Damals galten Sie als furchtlosester Big-Wave-Surfer der Welt. Sie gewannen dreimal hintereinander den renommierten Mavericks Contest in 20 Meter hohen Wellen. Wie oft waren Sie high, wenn Sie es mit solchen Wassermassen aufnahmen?
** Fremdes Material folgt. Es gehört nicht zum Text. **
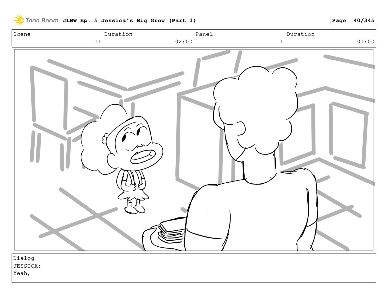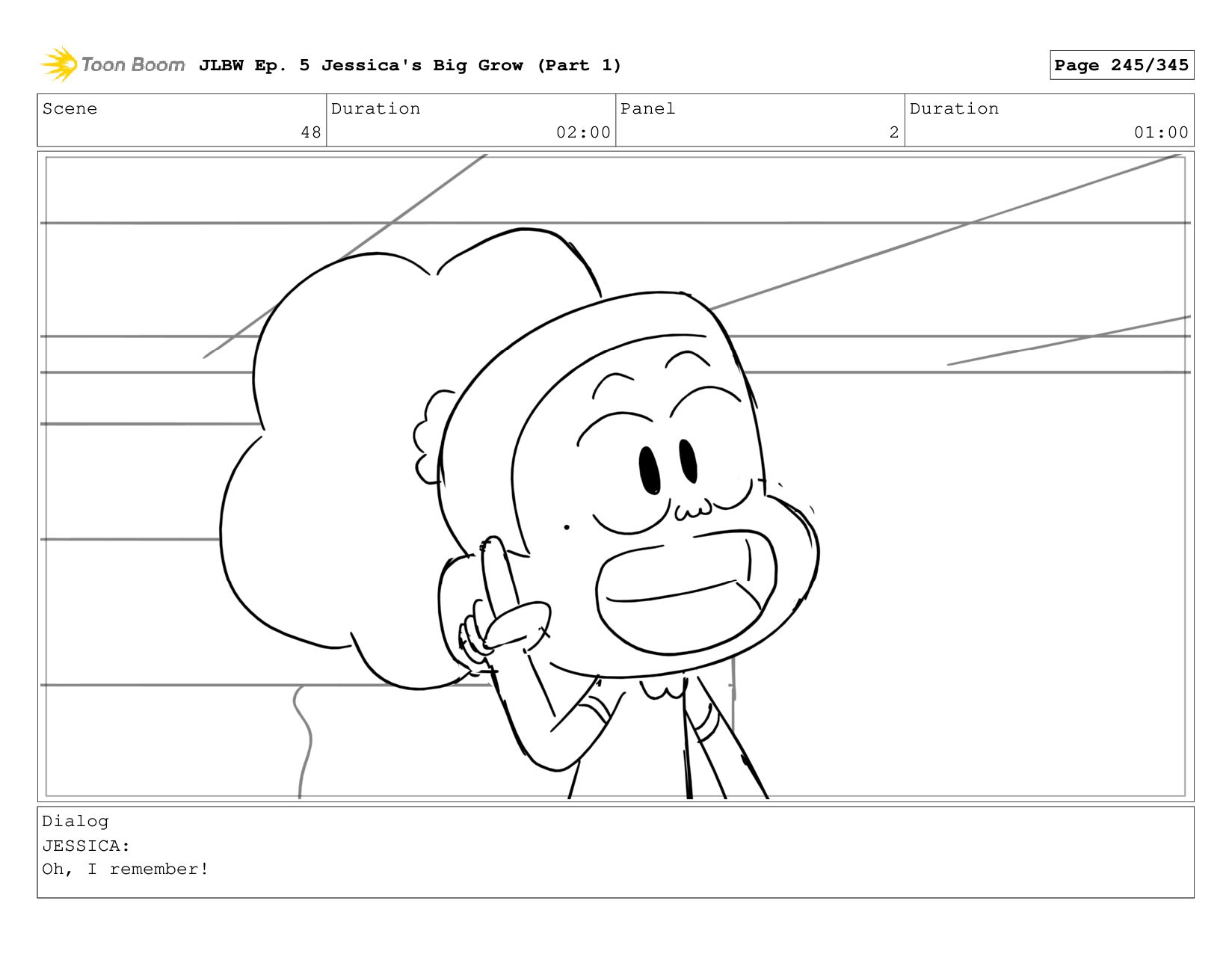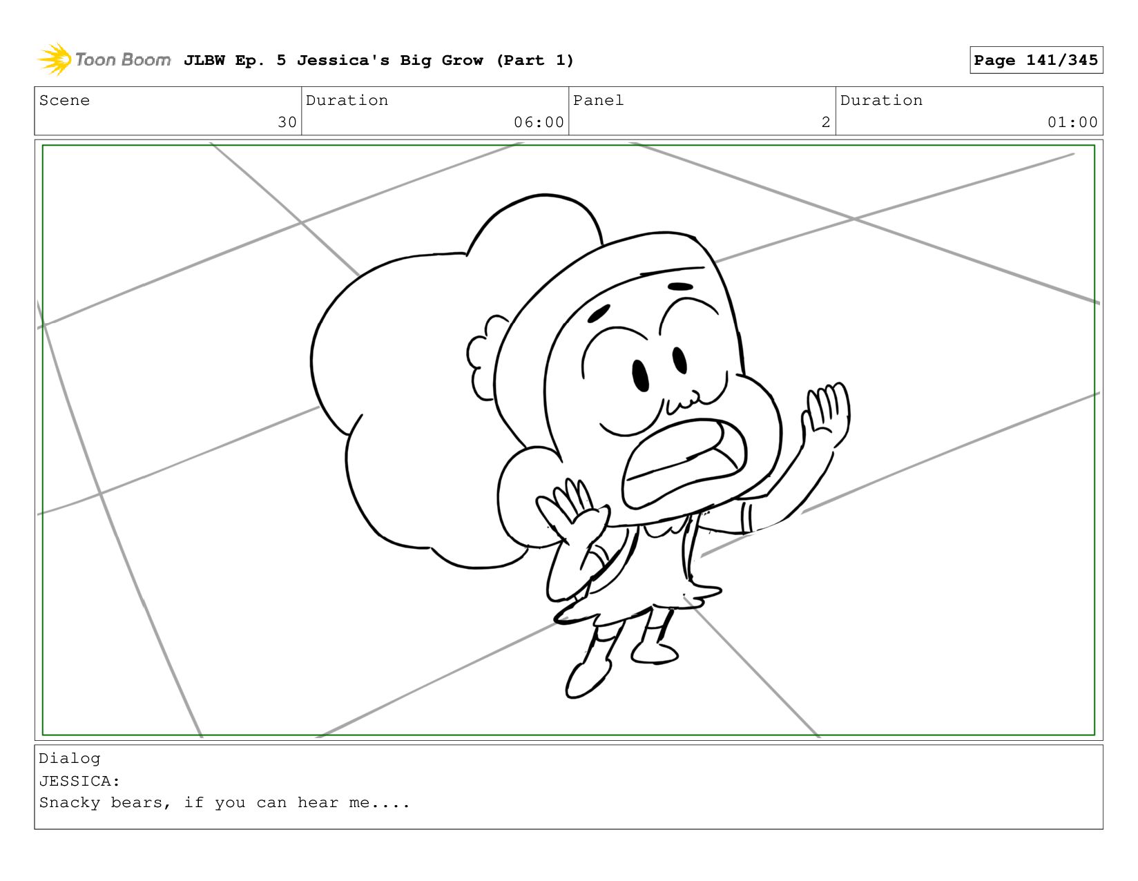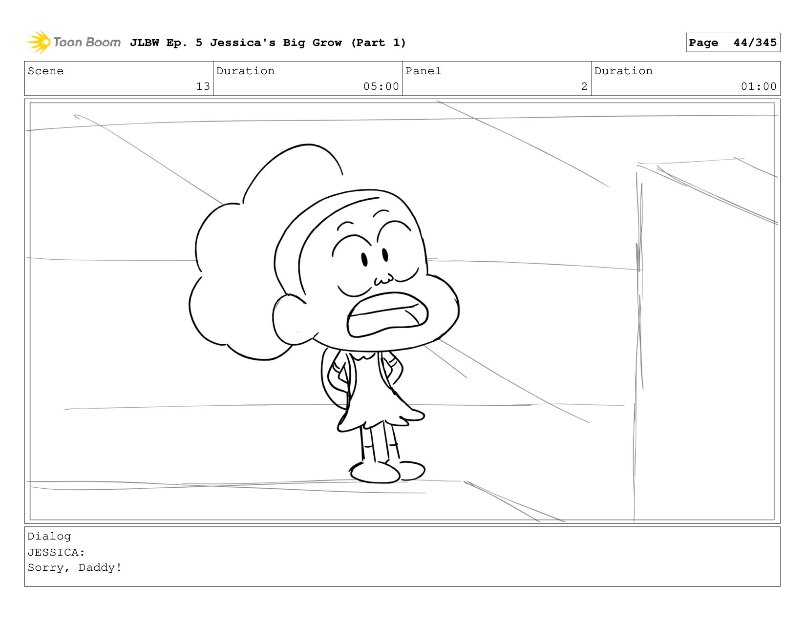 Scene 2 Duration 05:00 Panel 2 Duration 01:00 Dialog JESSICA:

Oft. Aber man darf sich das nicht wie Doping vorstellen. Ich komme aus Santa Cruz, hier gehören Drogen seit Jahrzehnten zur Surfszene. In den Achtzigern bauten die meisten Surfer ihr eigenes Gras an. Ich würde sagen, jede zweite Surfmarke Kaliforniens wurde mit Drogengeld gegründet. In dieser Kultur wuchs ich auf, also kannte ich es nicht anders. Wir rauchten vor der ersten Session eine Bong, und am Ende des Tages trafen wir uns im Pub auf ein paar Bier. Und wenn man zu betrunken wurde, zog man sich eine Line Koks rein. Meine erste Session in Mavericks, damals ein sagenumwobener Secret Spot, surfte ich 1991 nach einer durchgemachten Nacht, völlig high. Es war easy, ein großer Spaß. Damals war das Leben eine endlose Party.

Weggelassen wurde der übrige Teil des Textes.